> Activity
Go to the line holding "MOMIRA Travel Makeup" in the data below and repeat it exactly, then each line after it up to and including the one holding "1972 Topps #171 Darrell Evans 2 - GOOD". Omit pictures.

(Data extracted from a collection)
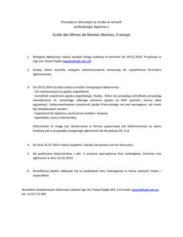 Procedura rekrutacji na studia w ramach podwójnego dyplomu z Ecole des Mines de Nantes (Nantes, Francja) 1. Wstępne deklaracje należy wysyłać drogą mailową w terminie do 26.01.2014. Przyjmuje je mgr inż. Paweł Gajda ([email protected]). 2. Osoby, które wyraziły wstępne zainteresowanie otrzymają do wypełnienia formularz zgłoszeniowy. 3. Do 29.01.2014 (środa) należy przesłać następujące dokumenty: - List motywacyjny (w języku angielskim), - Certyfikat znajomości języka angielskiego. Osoby , które nie posiadają certyfikatu przysyłają oświadczenie nt. ostatniego zdanego poziomu języka na AGH (poziom, ocena, data egzaminu). Udokumentowana znajomość języka francuskiego nie jest wymagana, ale może być dodatkowym atutem. - Suplement do dyplomu ukończenia studiów I stopnia, - Egzemplarz pracy inżynierskiej. Dokumenty te mogą być dostarczone w formie papierowej lub elektronicznej na adres mailowy jak w przypadku wstępnego zgłoszenia lub do pokoju D4, 113. 4. Do dnia 31.01.2014 należy wypełnić i wysłać otrzymany od nas formularz. 5. Na podstawie dokumentów z pkt. 3 zostanie sporządzona lista rankingowa. Zostanie ona ogłoszona w dniu 31.01.2014. 6. Kwalifikacja będzie odbywać się na podstawie listy rankingowej w miarę wolnych miejsc i stypendiów. Wszelkich dodatkowych informacji udziela mgr inż. Paweł Gajda (D4, 113 email: [email protected], tel: 12 617 51 89)
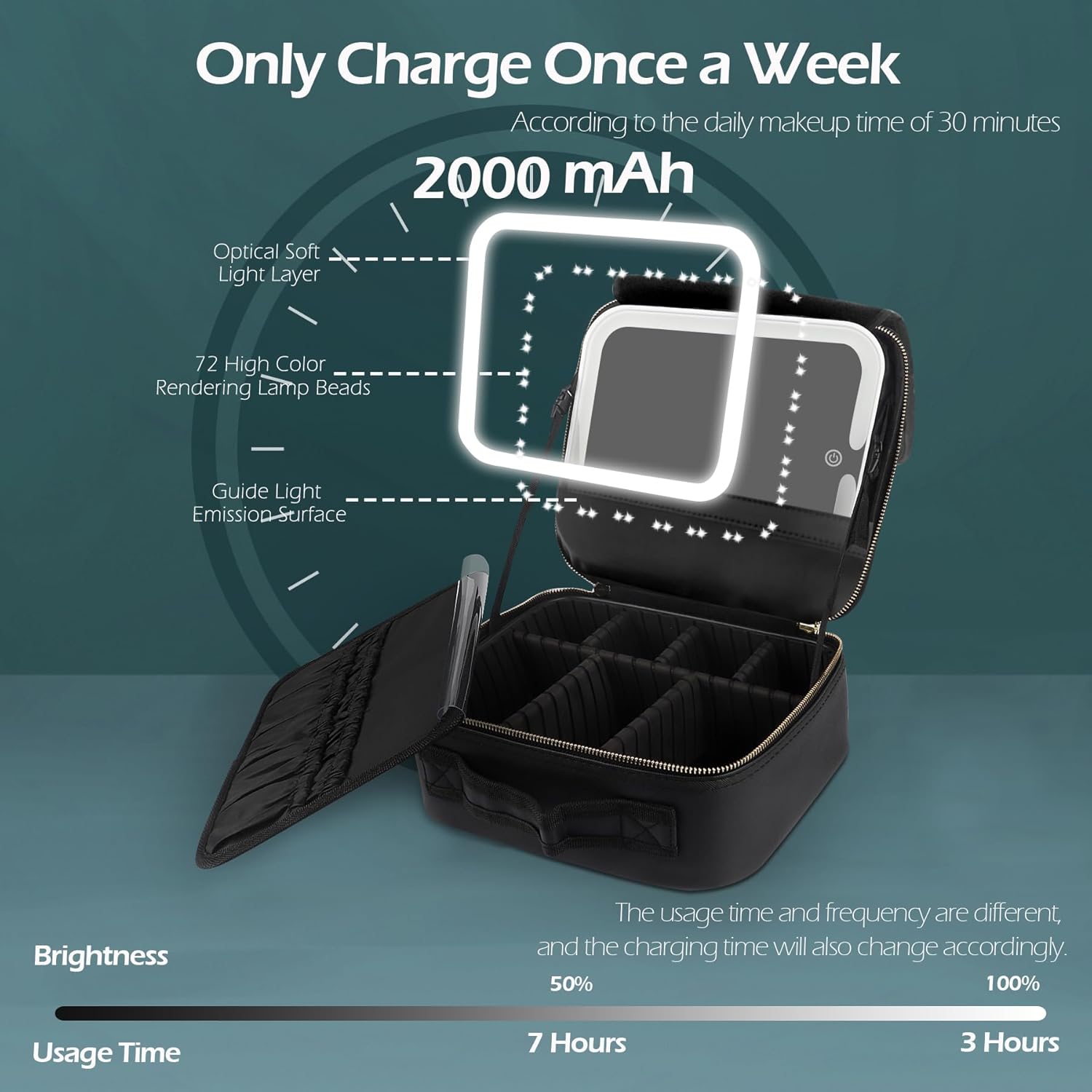 MOMIRA Travel Makeup Bag Cosmetic Bag with Lighted Mirror, Adjustable Brightness in 3 Color Scenarios, Waterproof, 10x Magnifying Mirror, Rotatable Independent Light Mirror- Black(Solid)
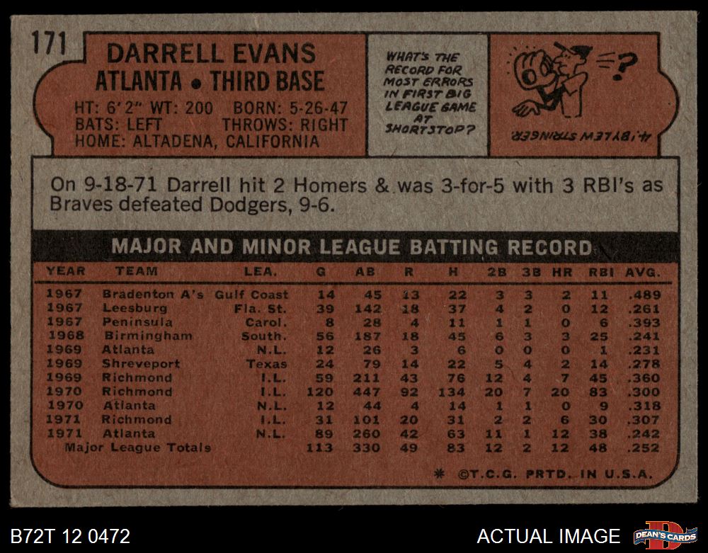 1972 Topps #171 Darrell Evans 2 - GOOD
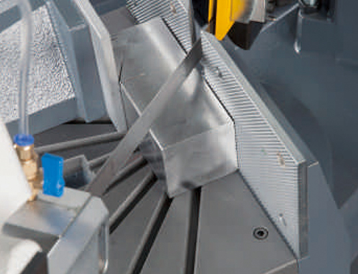 เป็นเครื่องเลื่อยสายพานขนาด 8 นิ้ว มีคุณสมบัติพิเศษในการตัดงานเอียงองศาได้มากถึง 60 องศา โดยใช้การสวิงหัวตัดเข้าหาชิ้นงาน ทำให้การทำงานมีความคล่องตัว และงานตัดมีความเที่ยงตรงแม่นยำสูง หัวตัดควบคุมด้วยกระบอกไฮโดรลิก ใช้งานคู่กับใบเลื่อยขนาดหน้ากว้าง 27มม. ที่มีความแข็งแรงและตัดงานได้เที่ยงตรง ความเร็วรอบปรับได้ 2 ระดับ เพื่อความเหมาะสมในการเลือกตัดชิ้นงาน มีระบบเช็คความตึงของใบเลื่อยและระบบหล่อเย็น
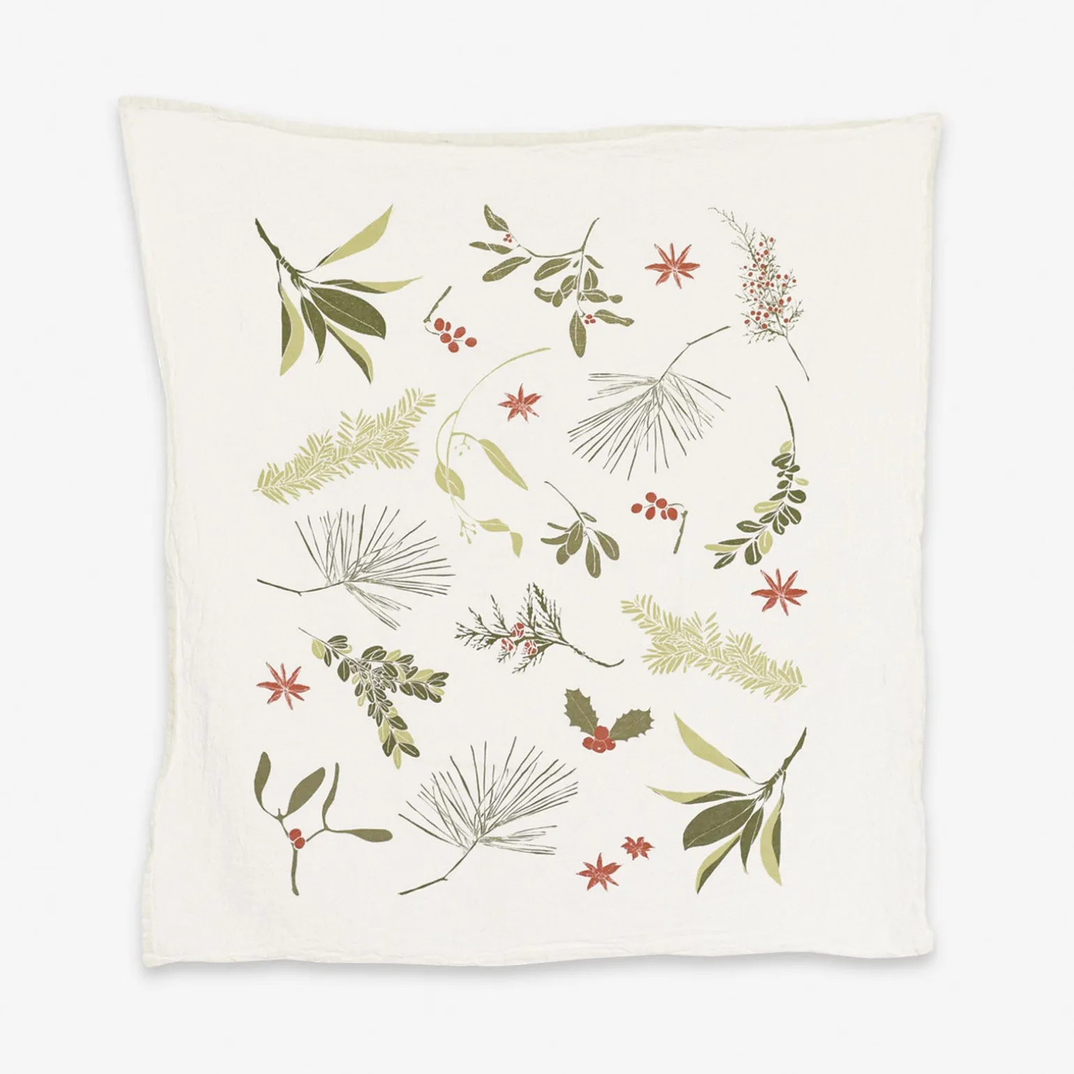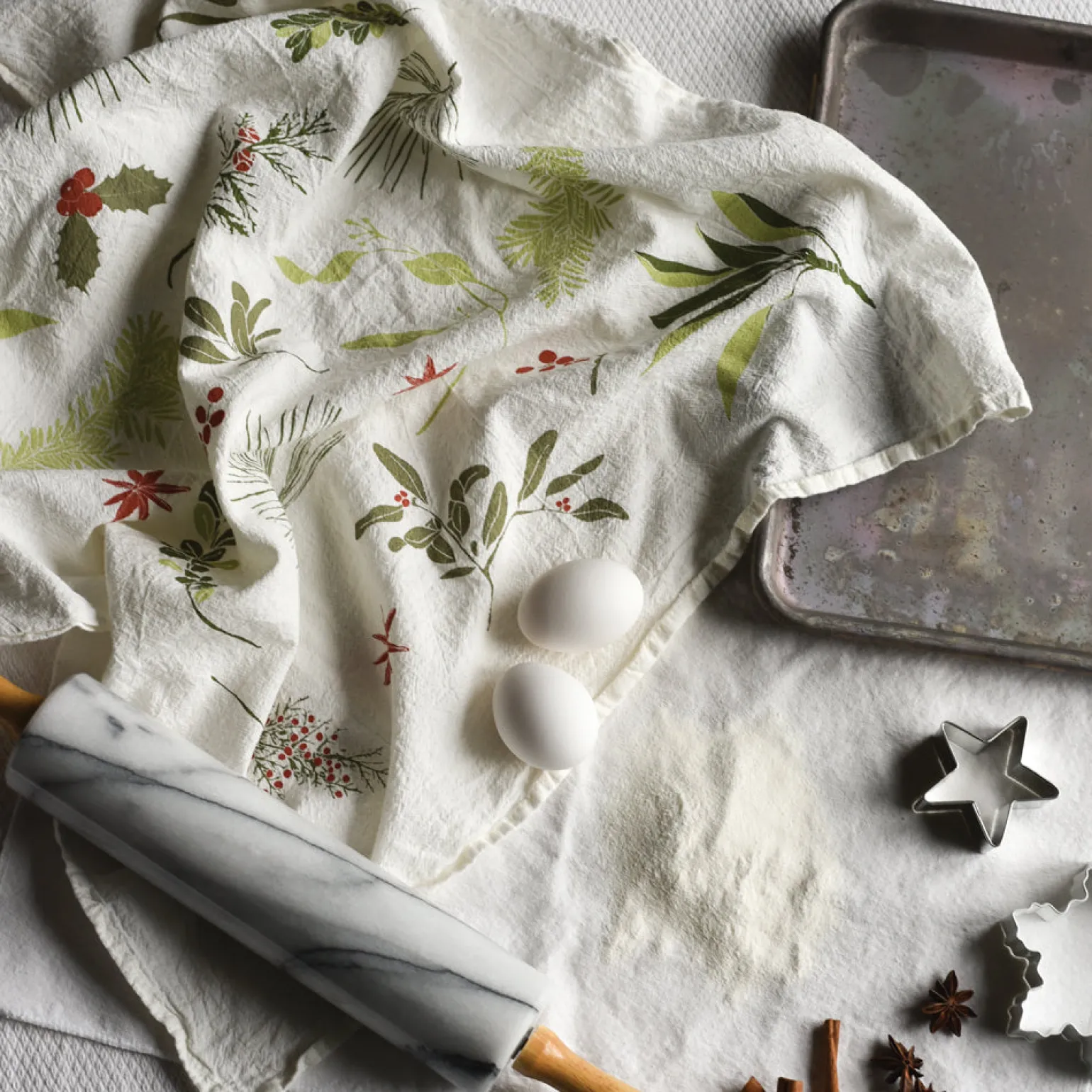Inspired by the clippings of boughs and berries during the holidays, this winter sprigs design will work year-round in your kitchen. Screen printed on flour sack cotton to preserve its uniquely soft, absorbent and durable nature, this towel is machine washable and safe to bleach allowing it to hold up for everyday use.

> Answer space
 MOMIRA Travel Makeup Bag Cosmetic Bag with Lighted Mirror, Adjustable Brightness in 3 Color Scenarios, Waterproof, 10x Magnifying Mirror, Rotatable Independent Light Mirror- Black(Solid)
 1972 Topps #171 Darrell Evans 2 - GOOD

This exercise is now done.